If you want to be the best, you’ve got to measure yourself against the best.
That’s why American pizza chef Tony Gemignani likes to compete. Otherwise, who’s going to tell you if your food’s up to scratch — or if you’re still getting better?
Gemignani’s category of choice is the authentic Neapolitan margherita pizza.
"Every bite takes you through a journey," he says. "You start with the dough that’s on the bottom of your tongue, and then it goes into the tomato sauce with the basil, and then you taste a little bit of the salt and the meltiness of the cheese. It’s a pizza that’s super simple, but at the same time it’s so complex."
Tradition dictates that you cook the margherita in an ultra-high temperature oven. It’s a 90-second bake, with an ultra-thin pizza dough that can be hard to handle.
After years of study, Gemignani finally put his technique to the test in 2007. He entered the World Pizza Cup in Naples — the kind of pizza competition that Americans just don’t win.
"At that time it was nearly 100 degrees in Naples," he says. "It was tented, [with] no air conditioning [and] six wood-fired ovens that were at 900 degrees. Just imagine being in the worst conditions ever. You're a sloppy mess. People are sliding their uncooked pizzas onto their pizza paddles, and they're falling off, they're football-shaped … It was kind of chaotic."
Everybody was messing up, and that included the local experts, cooks who came from long lineages of pizza-making. Gemignani says some of his competitors were being watched by their fathers and grandfathers — as if the pressure weren't already enough.
And here comes this American guy in the middle of it.
Gemignani had his own technique worked out, including raising the dough in wooden boxes, using a particular kind of mozzarella cheese and a de-seeded tomato sauce. His competitors were unimpressed, he recalls: "They hated it. They really wanted me to lose."

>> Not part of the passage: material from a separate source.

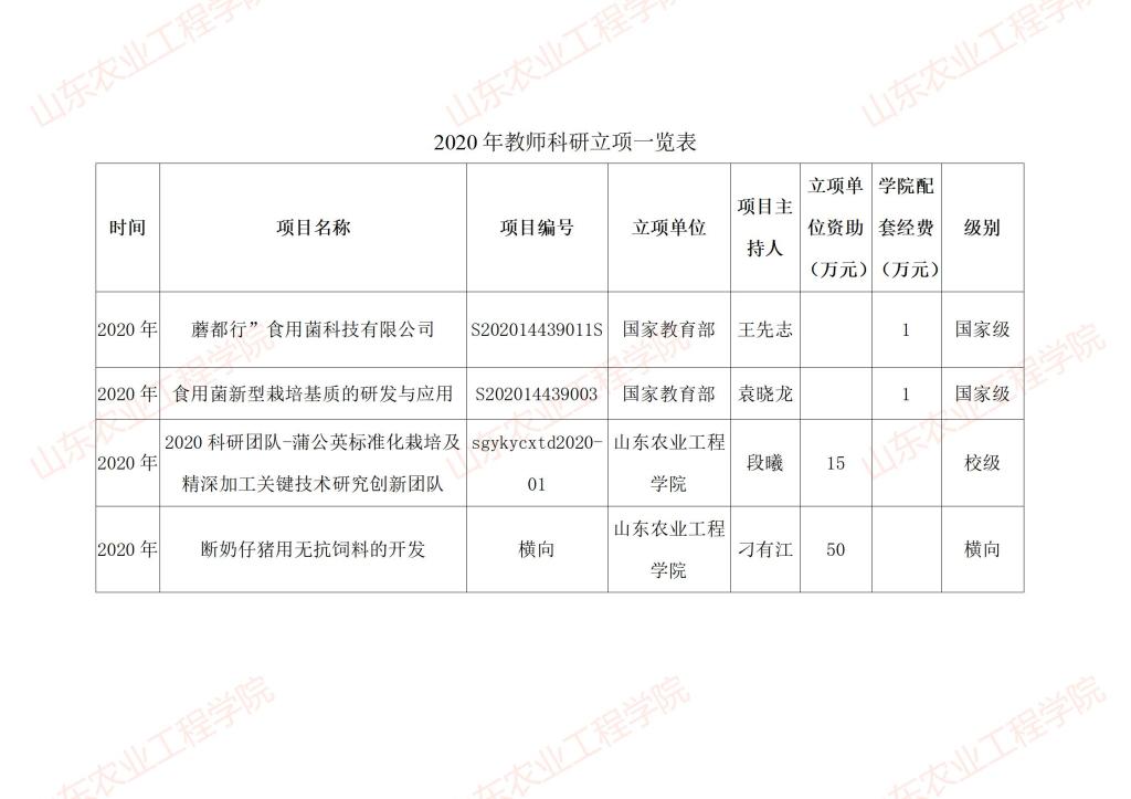 农业科技学院2020年教师科研立项一览表

Gemignani's pizza went into the oven for just under 90 seconds, the regulated time limit. Then he took it to the judges to review. One judge — "leather face," he called her — grilled him every which way: What cheese did you use? How much sugar did you put in the dough? (None.) How much oil did you put in the dough? (None.)
He cut the pizza and served them each a slice. There were two slices left. Moments later, the judges declared that they wanted to try it again. This never happened — why would judges eat more of a single pizza when they eat more than 50 bites in a day? It was just that good.

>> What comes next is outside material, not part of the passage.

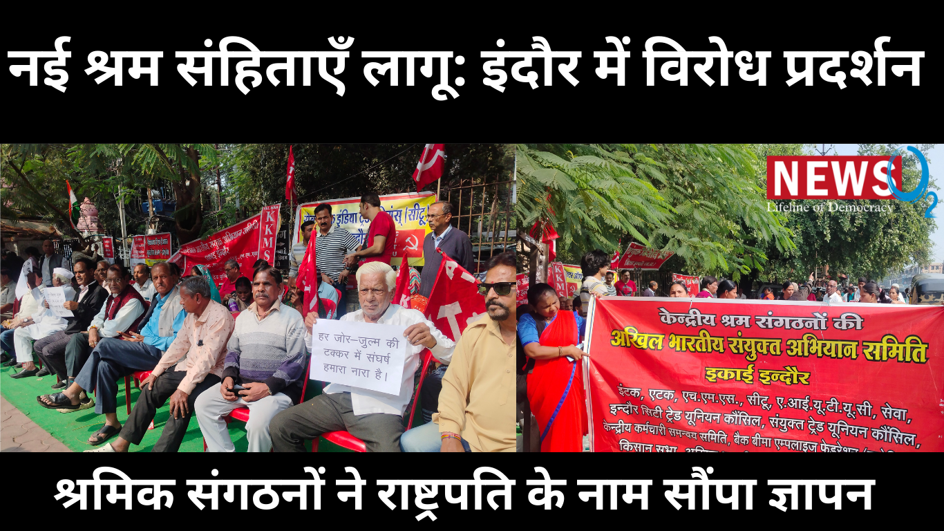 इंदौर, 26 नवंबर 2025: केंद्र सरकार द्वारा 21 नवंबर 2025 से लागू की गई चार नई श्रम संहिताओं के विरोध में आज इंदौर में विभिन्न मजदूर संगठनों ने बड़े पैमाने पर प्रदर्शन किया। सुबह से जुटे प्रदर्शनकारियों ने संभागायुक्त कार्यालय के बाहर नाराजगी जताई और महामहिम राष्ट्रपति के नाम एक संयुक्त ज्ञापन सौंपा।

Gemignani allowed himself to believe that he could have won second place. Maybe second. "Never first," he says. But that's just what happened: Tony Gemignani, the American, won the competition.
But before it was announced, one guy came to his table and told him not to get too excited. "It was one of the best moments, [but] it was a great moment that you couldn't get excited for," he says. "Ninety percent of people hated you won — good friends of mine, I thought. And then you saw the genuine people that were genuinely happy for you. So I couldn't get excited."
Gemignani and his friends left and partied at the hotel that night instead. And today? He's an 11-time world pizza champion.
Tony Gemignani is the author of "The Pizza Bible".
Update: A previous version of this story incorrectly said Tony Gemignani was from New York. He is from San Francisco.